Looks like, so far, everybody's saying that-- I've got one 25 to 50. So I wonder if that's a 25% or 49%? We should have made these maybe a little bit more granular in the choices. But it looks like almost all of us have a very heavy reliance on Active Directory, which makes perfect sense. Active Directory is the dominant directory service in the world. 95% of Fortune 1,000 companies have Active Directory. 85% have Azure Active Directory and that's growing quickly. And in higher ed, it probably skews even a little bit higher than that because of the ease of use and the ubiquitousness of the Active Directory environment. So thank you for your responses there.
And I'm going to go to the chat and see if we have any questions in the last minute or two. Yeah, we have one question from Richard. With delegated administration, does that mean an admin in the science department will only have access to objects that they control? Yeah, Richard, that's exactly what it means.
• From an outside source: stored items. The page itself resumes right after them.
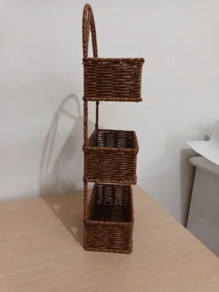 Elegante portaoggetti a tre ripiani, realizzato in ferro rivestito in vimini. - Struttura a tre cestelli sovrapposti. - Finitura in vimini intrecciato color marrone. - Manico superiore per un facile trasporto o aggancio. ⚠️spedisco in Italia con Poste Italiane e in Spagna con BRT⚠️ ⛔️NO SPEDIZIONI InPost⛔️
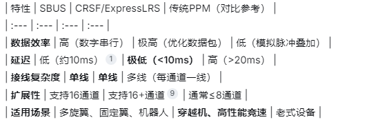 CRSF/ExpressLRS:新兴的高性能开源协议,以高刷新率(最高可达333Hz)、低延迟和远距离著称,是穿越机和专业应用的流行选择。
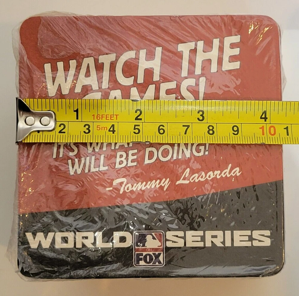 Type: Coaster Occasion: All Occasions Character: Tommy Lasorda Model: Fox World Series Number of Items in Set: 50 Shape: Square gtin13: NA Color: Multicolor Item Width: 4 1/4 in UPC: NA Style: MLB Baseball Material: Cardboard Pattern: Baseball World Series Brand: Unbranded Theme: Baseball Item Length: 4 1/4 in
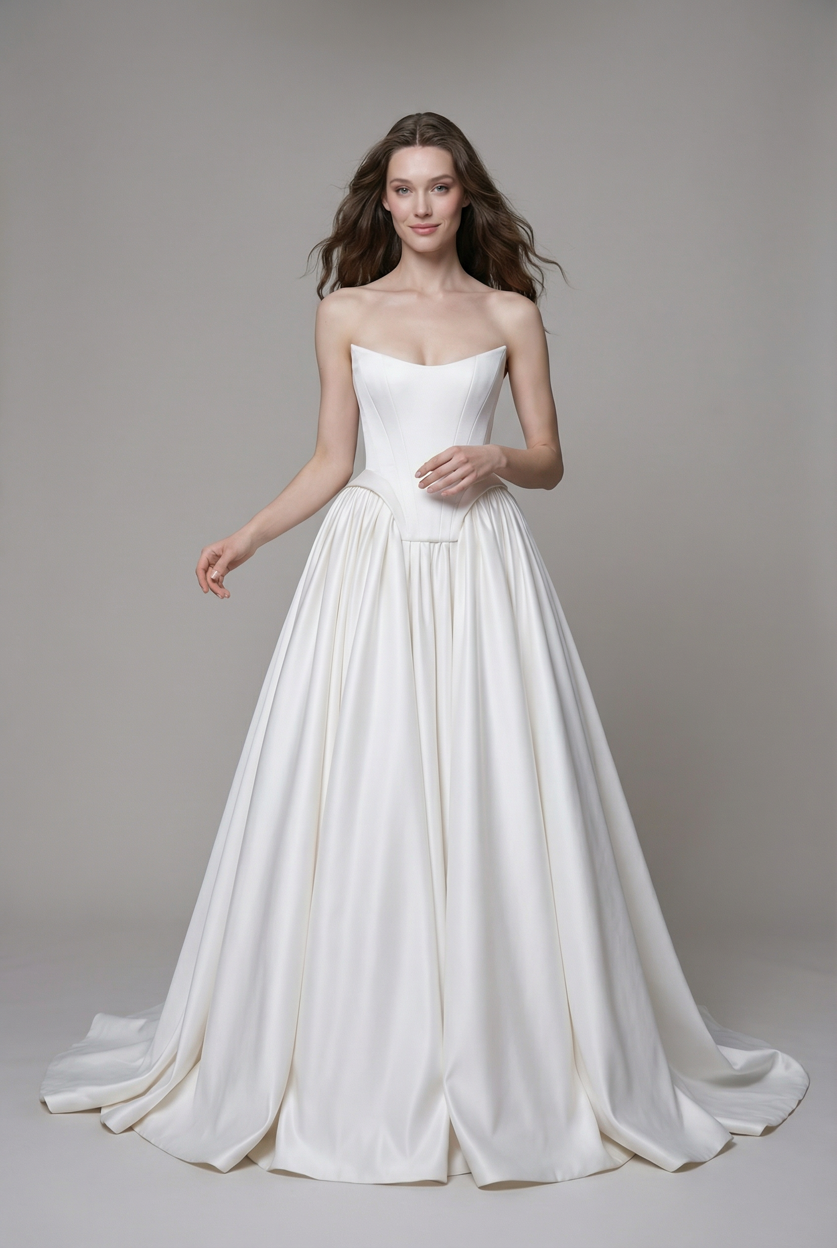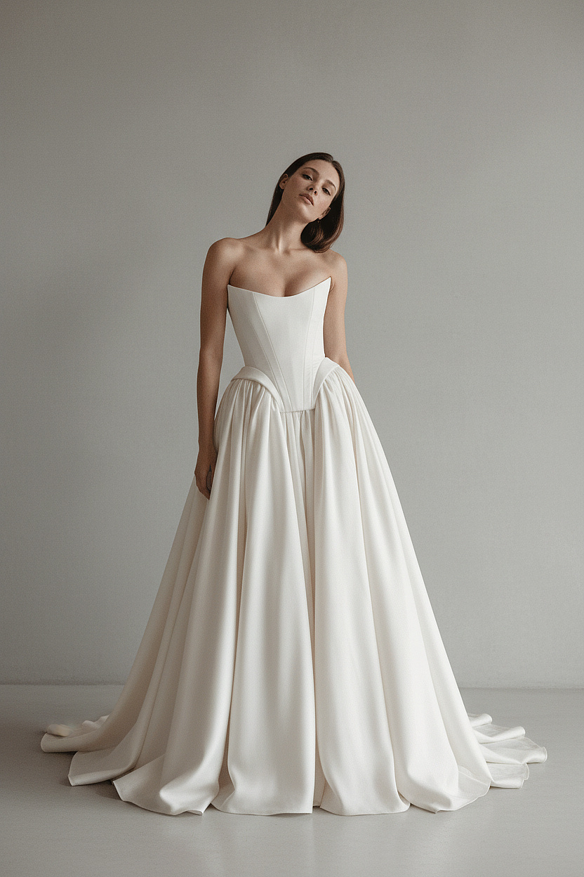 A striking strapless bridal dress featuring a beautifully defined corset bodice that shapes the waist with precision. The voluminous flowing skirt adds movement and grandeur, creating a refined balance of modern strength and timeless elegance.
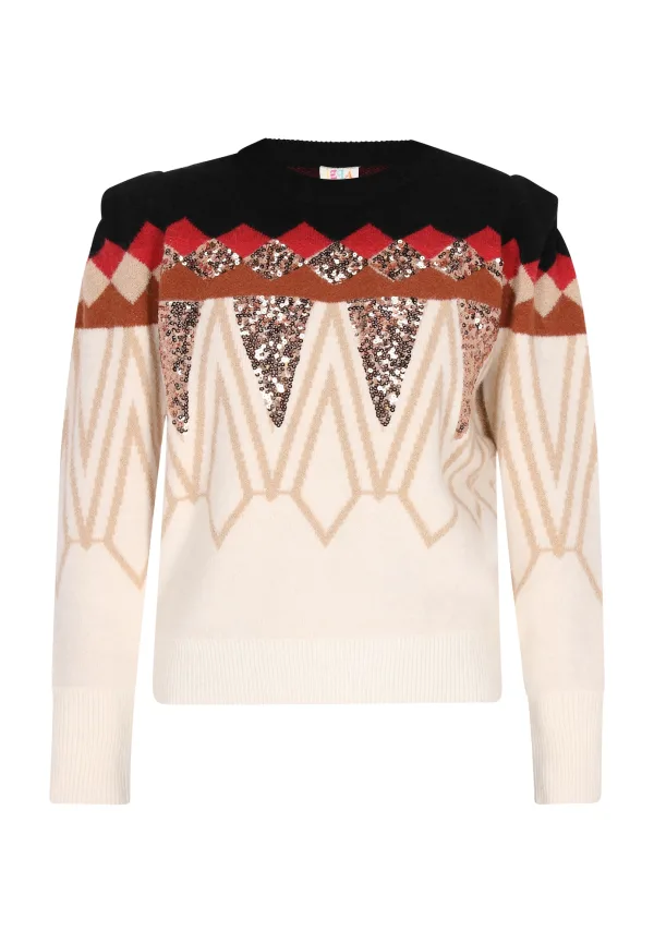 IZIA Trui lichtbeige / goud / rood / zwart Prijzen
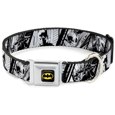 DC Comics Pet Collar, Dog Collar Metal Seatbelt Buckle, Batman Hush Pose Sketches Black White, 16 to 23 Inches 1.5 Inch Wide
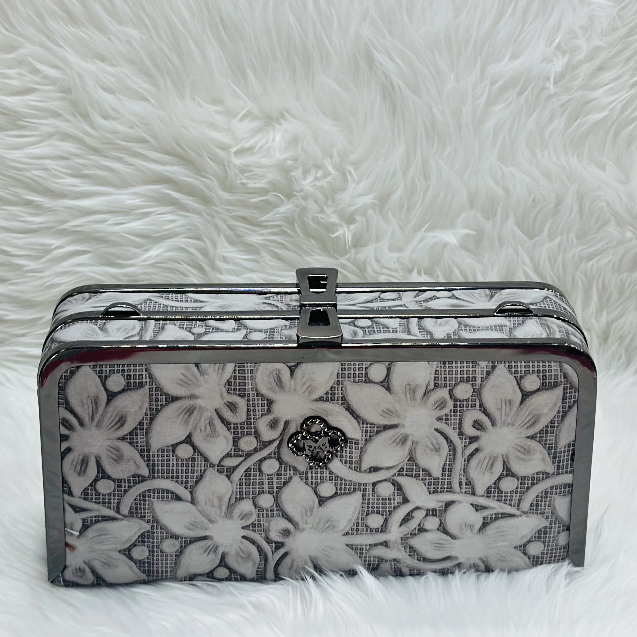 π Theme :- Embellished box clutch bag with a black metal frame and a floral pattern.
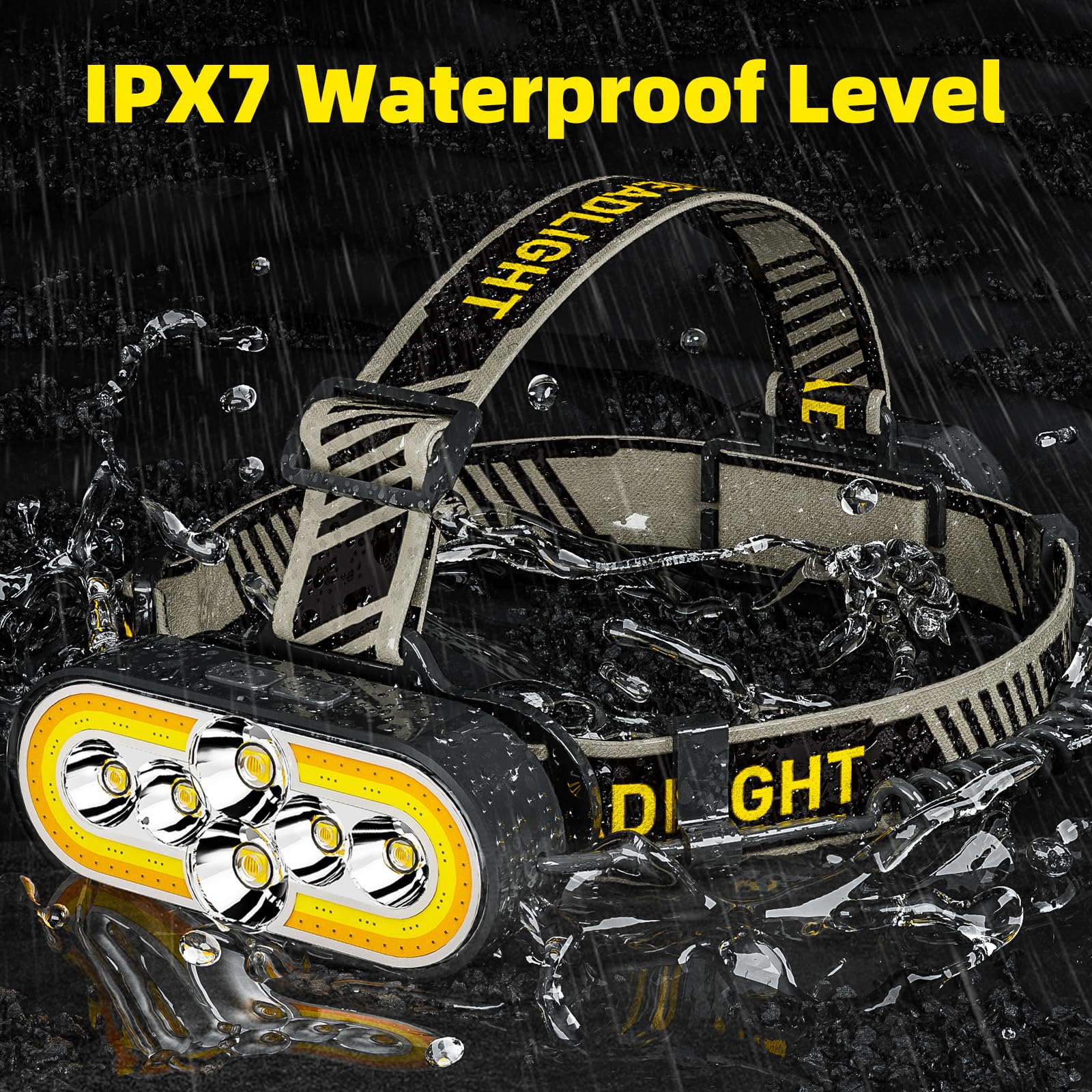 - 【Durable Waterproof Design】Engineered with an IPX7 waterproof level, powerful headlamp is built to withstand harsh weather conditions, allowing you to use it confidently in rain or snow. Headlamp is made of high quality ABS material, which makes the headlamp more durable, lightweight(only 0.38lb) and more suitable for long time wearing.
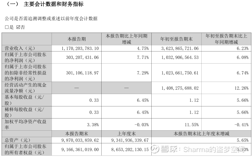 营收与利润稳中有进:2025年1-9月,公司实现营业总收入36.24亿元,较上年同期的34.11亿元增长6.23%;实现归属于上市公司股东的净利润10.33亿元,同比增长6.08%。扣非后净利润为10.24亿元,同比增长6.74%,说明利润增长主要来源于主营业务。
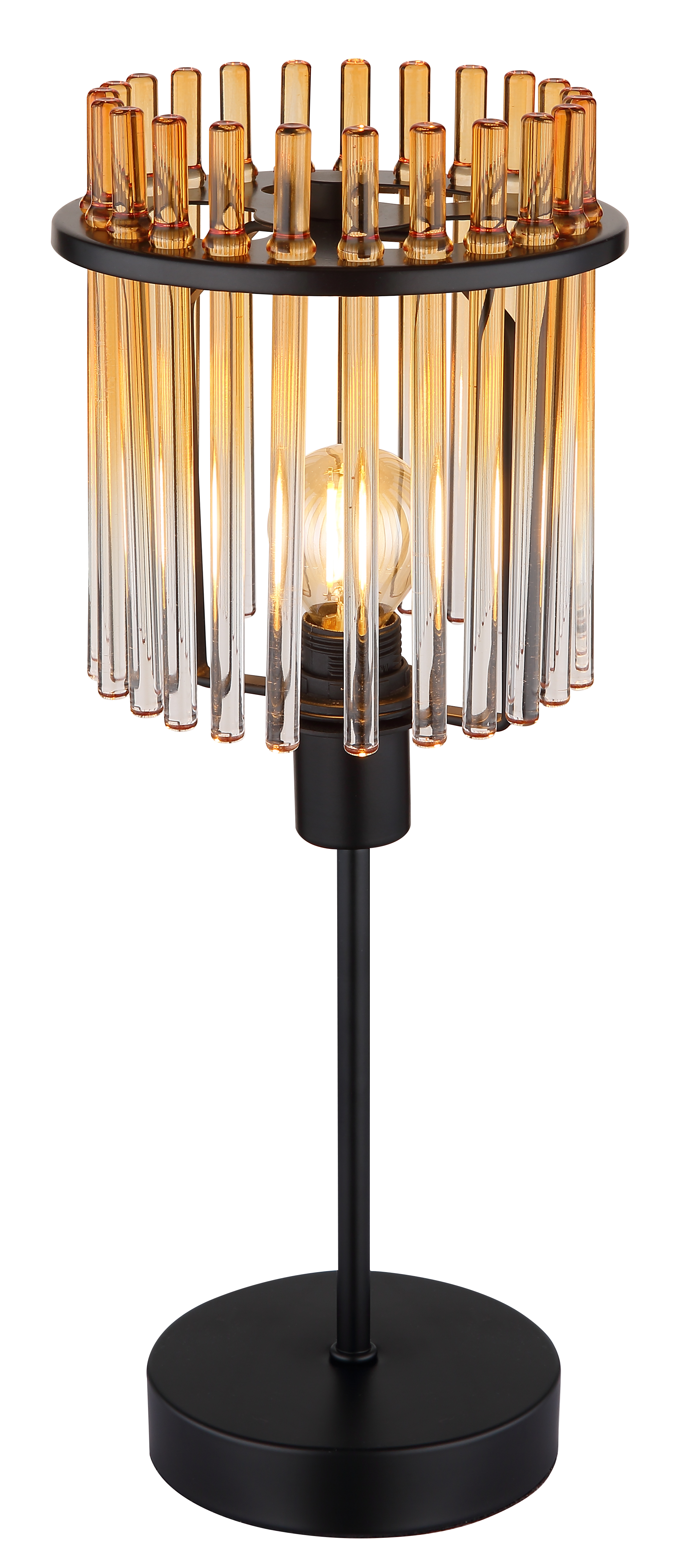 La lampada da tavolo GORLEY combina un design elegante con una funzionalità pratica. Il suo corpo rotondo in metallo nero opaco porta un paralume altrettanto rotondo fatto di aste di vetro color ambra e trasparente, disposte ad arte e delicatezzamente. In questo modo si crea un piacevole gioco di luci e un'atmosfera calda nella stanza. La lampada da tavolo GORLEY è ideale come elegante elemento di illuminazione per scrivanie, comodini o consolle in soggiorni, camere da letto o uffici. L'interruttore a bilanciere sul cavo consente un facile utilizzo e rende la luce particolarmente facile da usare. Grazie al suo materiale di alta qualità e al design ben studiato, la lampada da tavolo GORLEY si integra armoniosamente negli stili di arredamento moderni e dona a ogni stanza un tocco elegante. Non è solo funzionale, ma anche un elemento decorativo che valorizza la stanza e arricchisce l'ambiente.
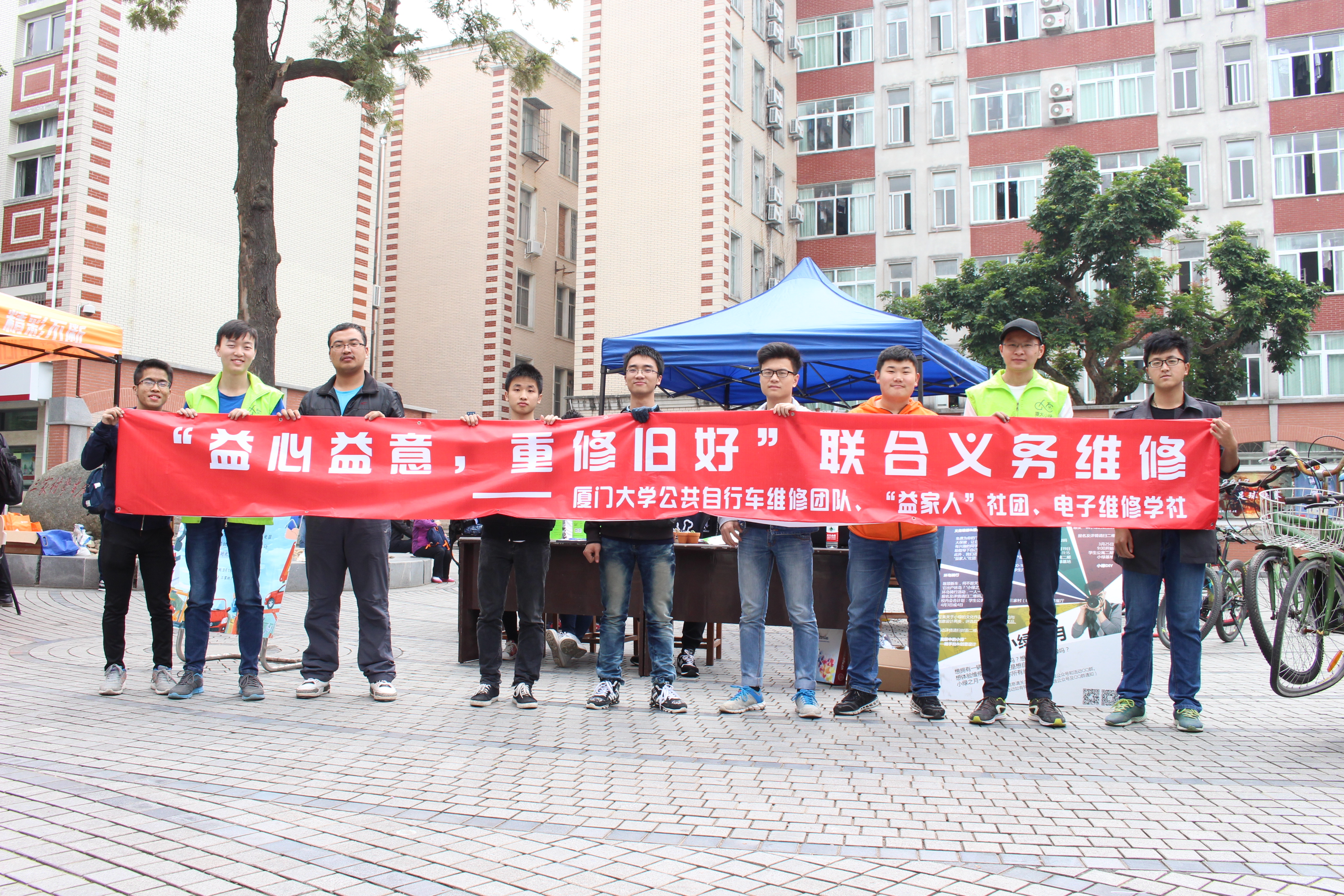 三月十八日,又是蒙蒙细雨笼罩着厦门,厦大校园里,却别有一番生动的景象——厦大“小绿”公共自行车维修团队、电维社、益家人正在三家村联合举办义务维修活动。这次活动和以往举办的一样,以“绿色生活,公益助人”为主旨,本着更好地为全校师生服务的信念,赢得了老师同学们的一致好评。

So like we were talking about with the Ivy League University-- which happened to be Cornell, by the way-- that was their problem, is that you grant every admin unlimited permissions to do whatever an admin needs to do. That means that a single admin in the science department, in theory, could go and mess up things in the English department, could go mess up things in the administration, could go mess up things in athletics, or whatever. Could do it on purpose, could do it accidentally.
And so the ability to delegate-- you only issue each admin the permissions necessary to do their job, nothing more and nothing less. So it's impossible for them to touch a domain outside of their area. It's impossible, then, for them to run a task that they're not approved to run because you've got it all set up by policy. There's even capabilities of doing temporal groups and time-based tests, where an admin is given elevated rights for only a certain period of time to do certain things. And then once that is done, they're able to roll back. So excellent question, Richard, thank you for that.
Well, we are at the end of our 30 minutes. We promised you 30, and only 30. So I'll leave it there. I thank you all for attending. I hope you found this valuable. Keep an eye out for some contact from your One Identity representative with your exclusive guidance on how to use this stuff. And there's also a special offer on our Password Manager Solution to get you some free password management for the next six months or so.
So thank you very much for attending. I appreciate it and have a great day.